Buy a new or used GTX 1070/1070ti/1080 if you can afford it. Id recommend one of these over a 1060 if you can, that extra 2GB GPU RAM will allow you to do less tweaking of batch sizes when training.
I want a new really fast machine with one or two GPU’s:
Get a i7–8700K LGA1151 socket CPU or an i7/i9 X series LGA2066 socket. If you can I would (and did) go with the LGA2066 socket as you get more cores and PCIe lanes.
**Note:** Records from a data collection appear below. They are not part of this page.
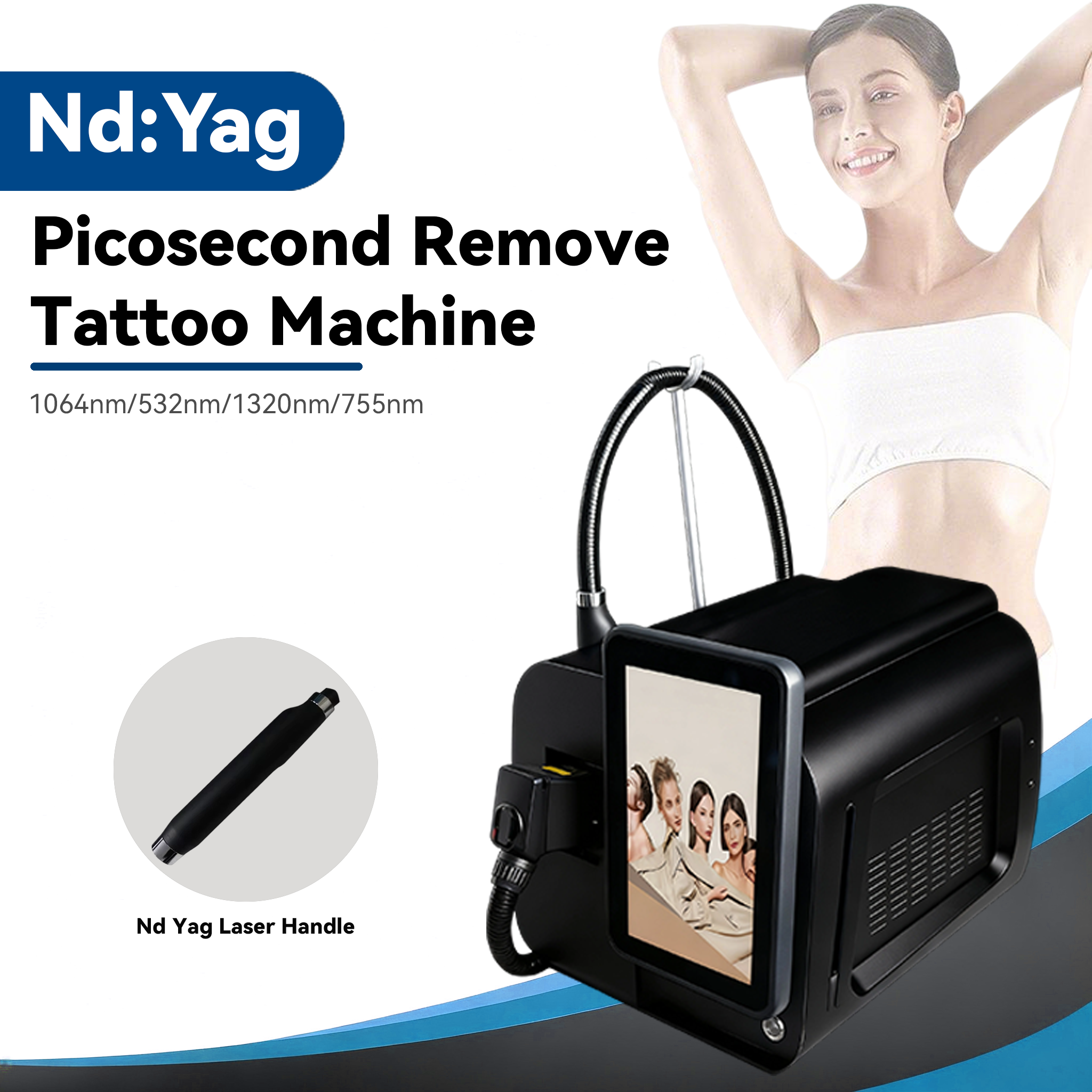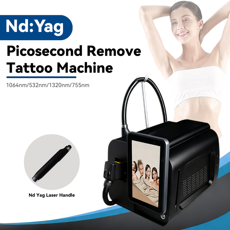 • 1064nm picosecond laser: Penetrates to the middle dermis, and the ultra-short pulse generates a strong mechanical shock wave, which shatters deep pigment particles and tattoo pigments into nano-scale fragments. The fragments are excreted through the human lymphatic system, avoiding the risk of scars caused by thermal damage;
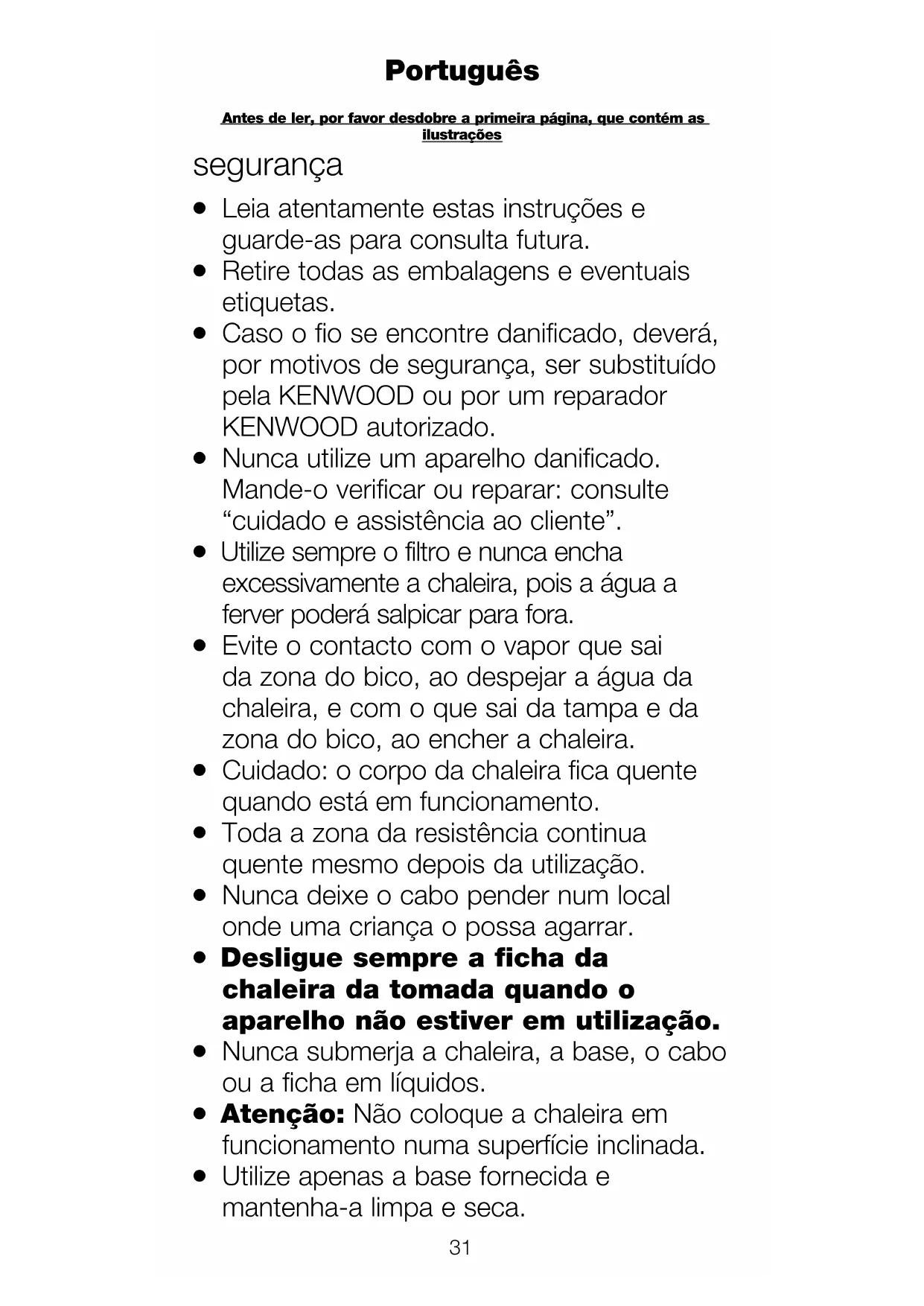 Use o aparelho apenas para o fim doméstico a que se destina. A Kenwood não se responsabiliza caso o aparelho seja utilizado de forma inadequada, ou caso estas instruções não sejam respeitadas. antes de ligar à corrente Certifique-se de que a tensão da sua fonte de alimentação eléctrica é a mesma que a exibida na parte inferior da sua chaleira. AVISO: ESTE APARELHO DEVE SER LIGADO A UMA TOMADA COM LIGAÇÃO À TERRA. Este aparelho está conforme com a Directiva n.º 1935/2004 da Comunidade Europeia sobre materiais concebidos para estarem em contacto com alimentos. antes de utilizar pela primeira vez1 Enrole o fio em excesso à volta das pegas e por baixo da base eléctrica.2 Encha de água até à marca “MAX”, ferva-a, depois despeje-a. Repita 3 vezes. chave a tampab interruptor de ligar/desligarc base eléctrica de 360°d luz indicadora de chaleira ligada (on)e arrumação do cabof filtroA medida do nível da água para usar a sua chaleira 1 Encha a chaleira retirando a tampa. O nível da água deve estar entre o ‘MAX’ e o ‘MIN’ (250 ml) no indicador de nível (A). Se a sua água doméstica é dura recomendamos que utilize água de garrafão ou água filtrada para manter o aspecto e a eficácia da sua chaleira. Seja económico, não ferva mais água do que a necessária. Para melhorar a qualidade das suas bebidas, utilize sempre água fresca.34 English
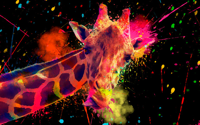 I see giraffes in these colors and surrounded by stuff like that - - under certain conditions and influences...
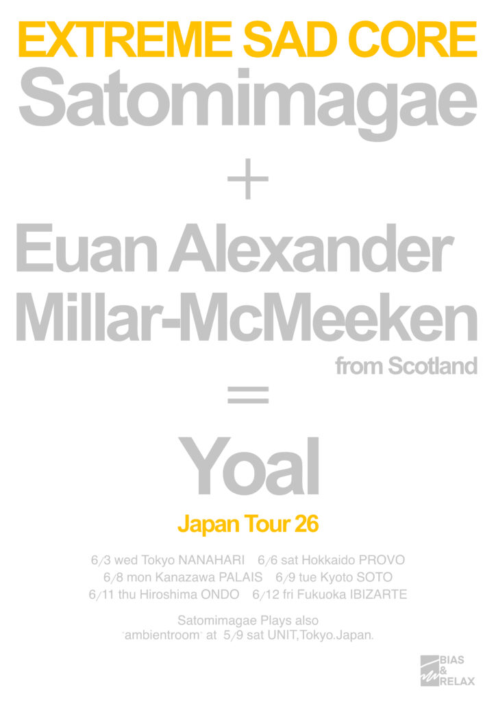 エクスペリメンタルフォークアンビエント作家であるSatomimagaeがスコットランドの盟友 Euan Alexander Millar-McMeekenと共に「Yoal」名義で周るJAPAN TOURが決定。
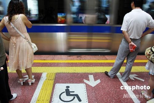 8月27日,一種白色無障礙標(biāo)識開始在北京地鐵1號、2號線各站臺出現(xiàn),使北京地鐵無障礙設(shè)施進一步得到完善,迎接即將到來的殘奧會。圖為北京地鐵2號線阜成門站臺的白色無障礙標(biāo)識。中新社發(fā) 鄭雄增 攝
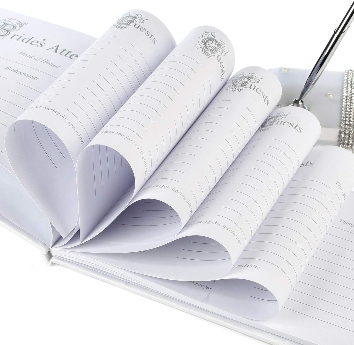 KateMelon Rhinestone Row Wedding Guest Book and Pen Set. This 9.6" x 6.3" guest book holds 70 pages for a total of 500 signatures. 1 page is for the bride and groom name. 1 page is for the Bride's family. 1 page is for the Groom's family. 1 page is for the Maid of Honour, Bridesmaids and Flower girl. 1 page is for the Best Man, Groomsmen and the Ring Bearer. The following 65 pages are for the guest names and their "thoughts" (11 lines per page). Guest book size: 9 3/5" x 6 1/3" (24.5 * 16 cm); Pen Holder Size: 3 1/2" × 3 1/2" × 3/4" (9 x 9 x 2 cm). Color: White. The guest pen is a ballpoint pen with black ink
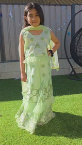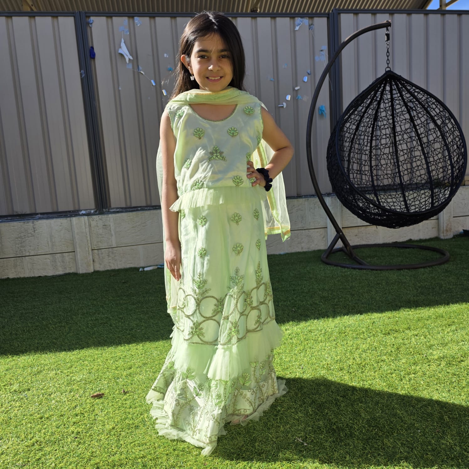 🌸 Soft paste tone: A unique pastel shade that flatters all skin tones 🌏 South Asian kids outfit: Perfect for diaspora families in Australia 💃 Festive-ready lehenga: Ideal for Eid, Diwali, weddings, and school events 🌬️ Organza comfort: Lightweight and breathable for all-day wear 👧 Made to twirl: Flared skirt adds movement and joy.
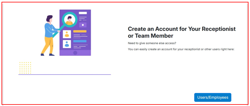 Una vez que se establecen los permisos, el Administrador puede comenzar a crear perfiles de usuario como Recepcionistas o cualquier otro rol dentro de la organización.
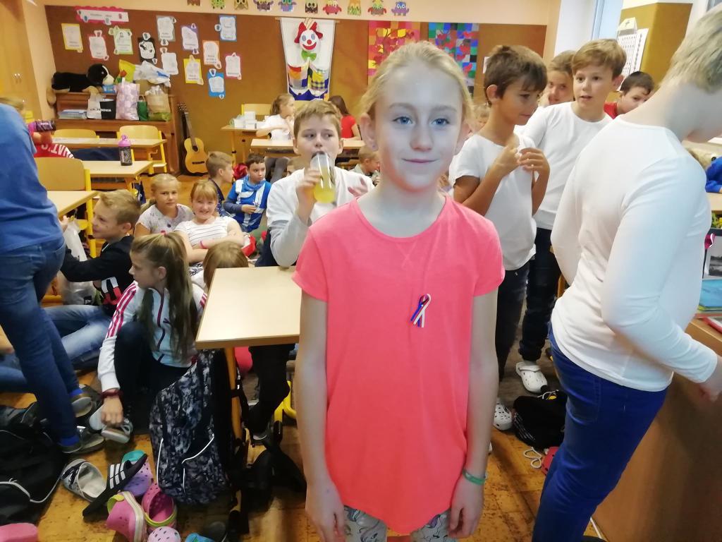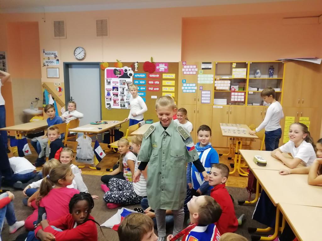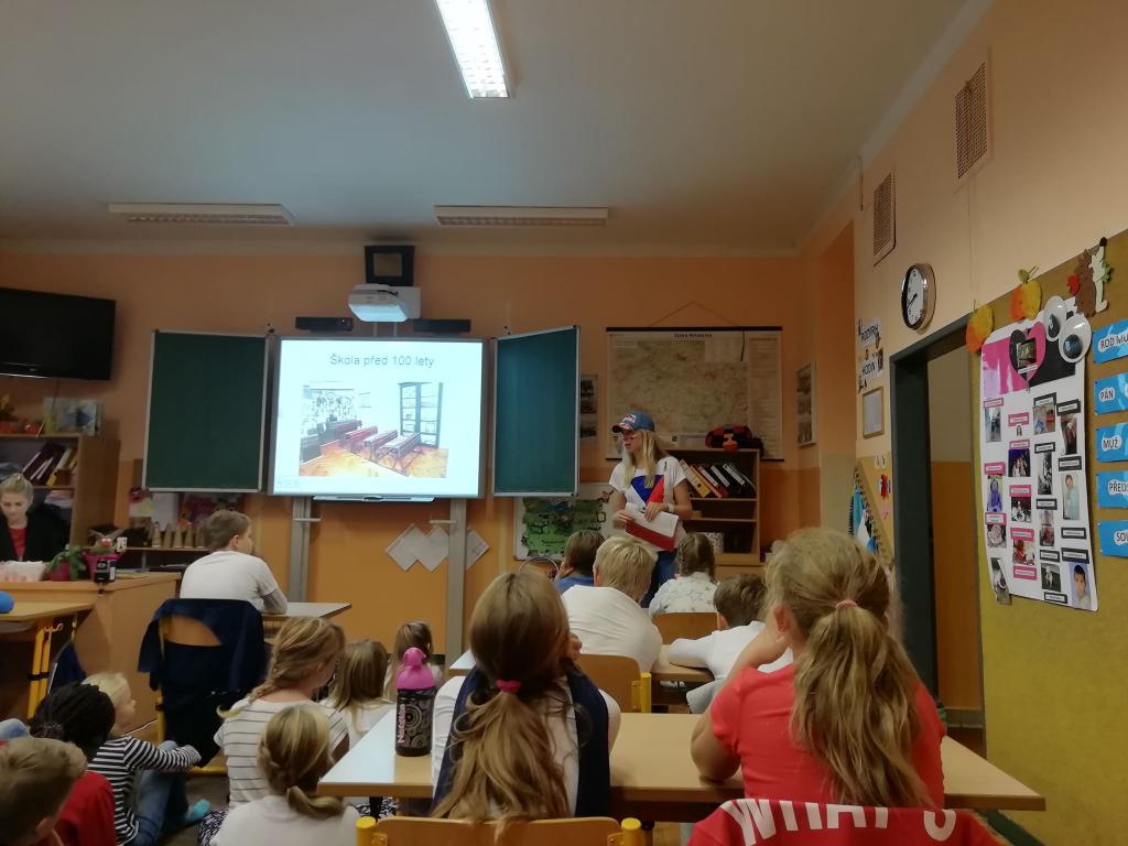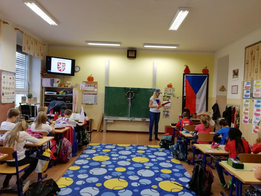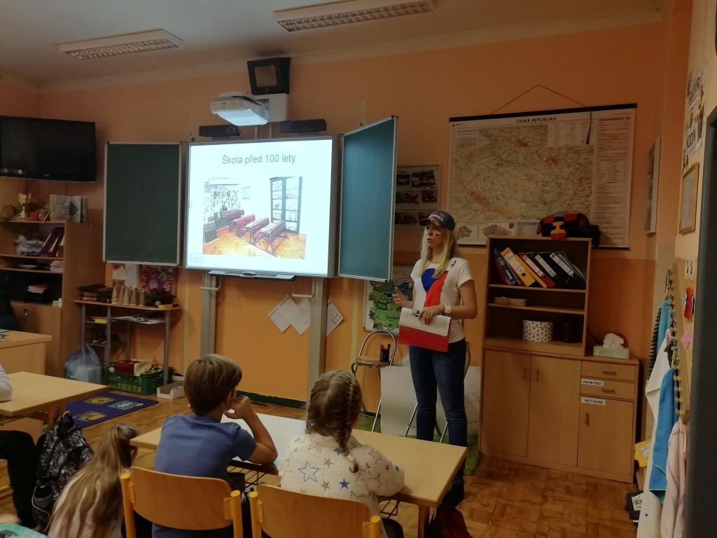 Dnes si děti ze 4. A a 4.B prošly projektovým dnem zaměřeným na 100 let výročí naší republiky. Na úvod jsme se všichni ozdobili trikolórou a poslechli skvěle se hodící písničku Za 100 let od Ewy Farné. Pak už nic nebránilo tomu odstartovat šestihodinový našlapaný program, kdy jsme si připomněli, jak vypadala škola před 100 lety, zaposlouchali se do odpovědí v dotazníku s pamětnicí narozenou v roce 1924 a uvědomili si, jak těžká doba to byla. Viděli jsme videa, týkající se vzniku Československa, Pražského jara 1968 i Sametové revoluce 1989, vyplňovali pracovní listy, povídali si o státních symbolech a seznámili se s důležitými osobnostmi naší země.
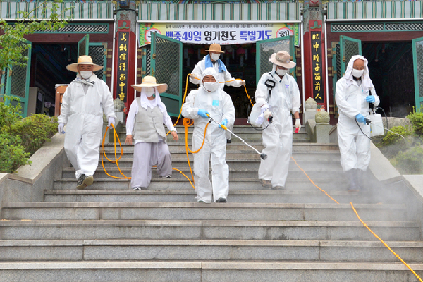 방역팀의 단장인 철산스님은 “정부의 방역 지침과 불자들의 안전을 위해 방역팀을 구성하여 방역 잡업을 진행하고 있다”고 말했다.
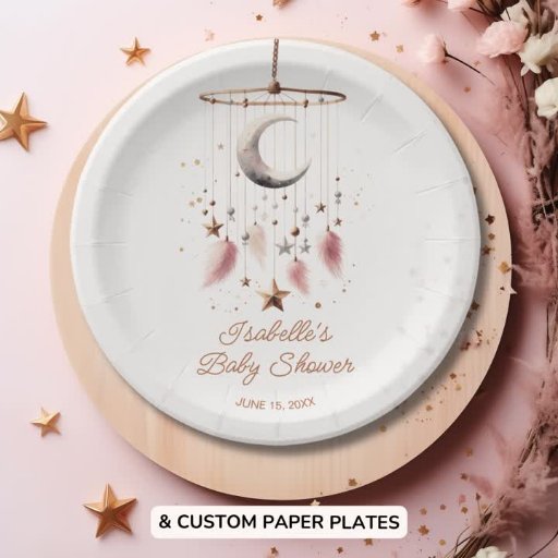 Over the Moon Boho Celestial Girl Baby Shower Custom Paper Plates
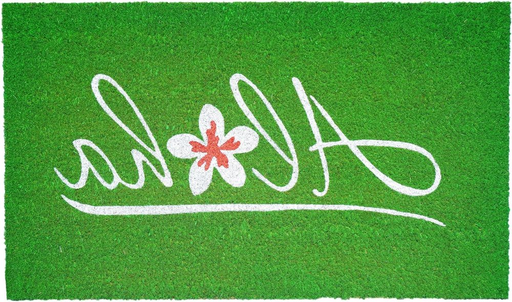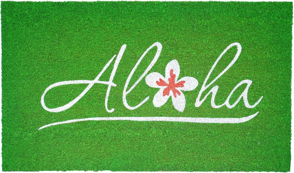 Known for it's extreme durability and ability to withstand heavy foot traffic, this 17-inch x 29-inch green and white aloha outdoor coir door mat is an ideal option for the front door or entrance way of your home or business. Crafted from coconut husks, this mat is not only functional but is an an eco-friendly and visually appealing accessory. The naturally bristled texture of coir is an efficient way to clean dirt and mud from shoes and is easy to clean and maintain. Add this decorative mat to create a practical yet inviting welcome to all who enter. 17-inch h x 29-inch w x 0.6-inch d.
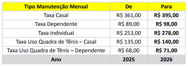 Deliberativo, o aumento das taxas mensais de manutenção a partir de Janeiro/2026,
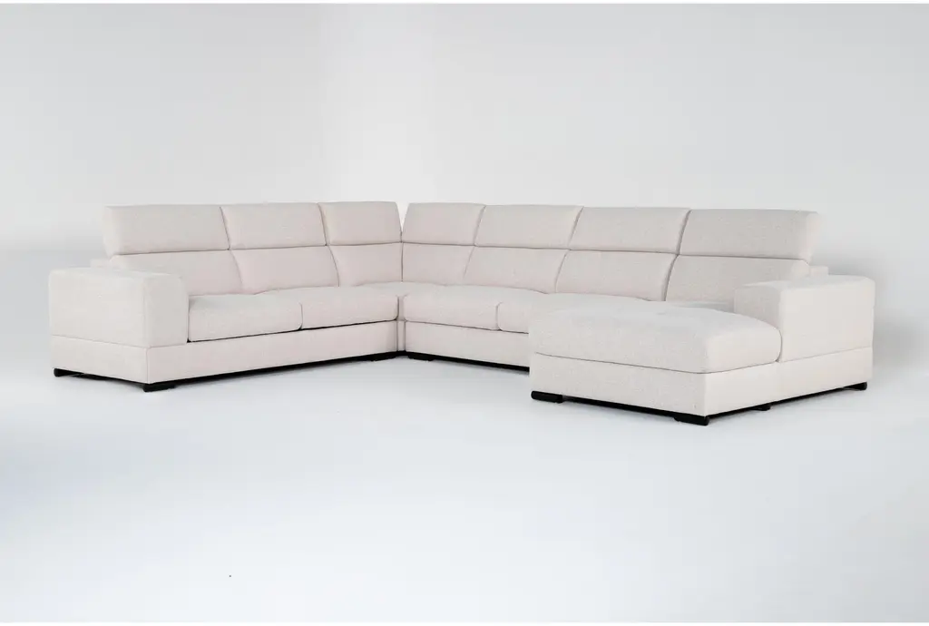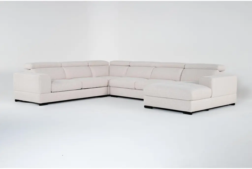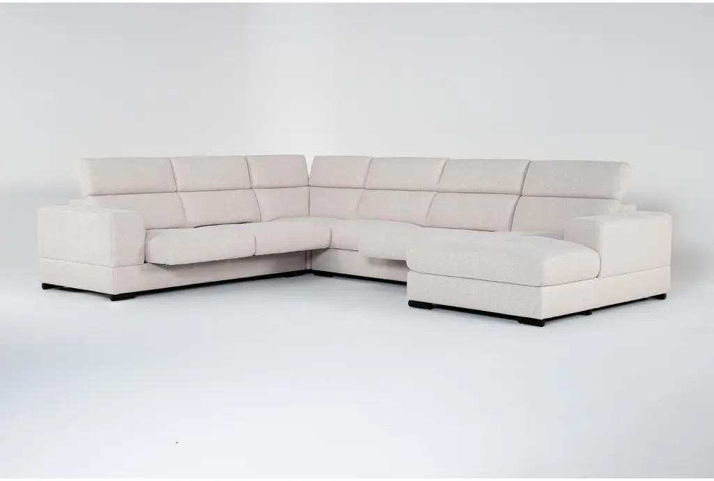 Braxton Cream 146" 4 Piece Manual Sliding Seat U-Shaped Sectional With Right Arm Facing Chaise & Adjustable Headrest
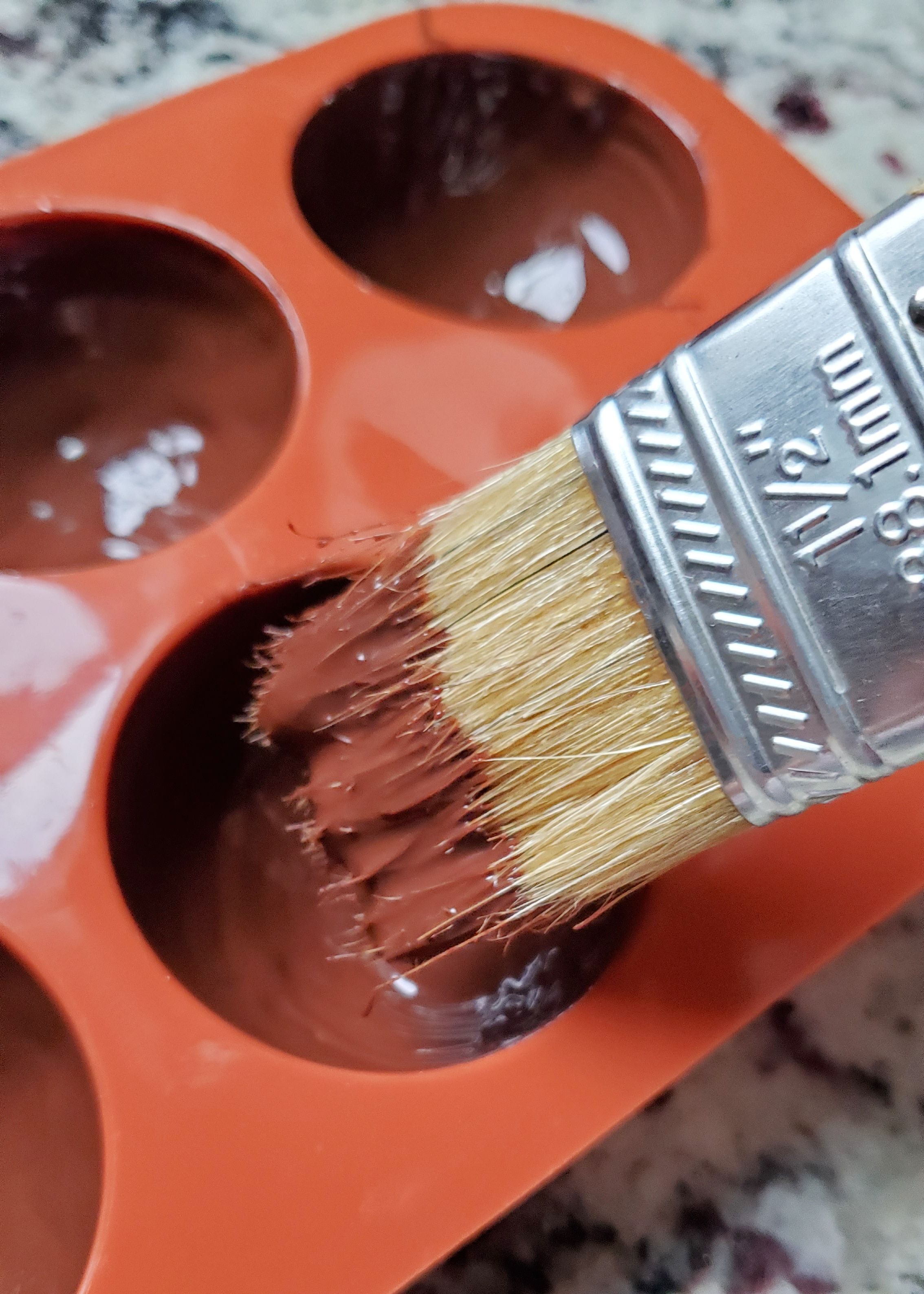 Make sure your molds are clean by polishing them with a paper towel. Using a pastry brush, paint a thin layer of chocolate into the molds and refrigerate for 5 minutes. Paint a second coat of chocolate over the first, just like the previous layer. Refrigerate for 5 minutes. Finally, paint a third coat just like the last two, paying special attention to building up the rim of the sphere. Refrigerate for 5 minutes.

I want a multi-thread, multi GPU rig at a reasonable price:
Go with a used Xeon E5–2670 V1/V2 through E5–2690 V2 based build as documented above. Get some used 1070/1070ti/1080/1080ti’s and either: live with the turbo style noise; buy AIO waterblocked GPU’s with a big enough case to fit the radiators; try to aircool the GPU’s with as many fans as possible (as I have done); or build your own water-cooling loop.
I want a multi-thread, multi GPU rig and I don’t mind spending a fair bit on it:
Get an ASUS Z10PE-D16 WS and a couple of Xeon E5–2690 V4’s (Not the ES ones though), fill those PCIe slots with GTX1080ti’s with water blocks and a custom water-cooling loop.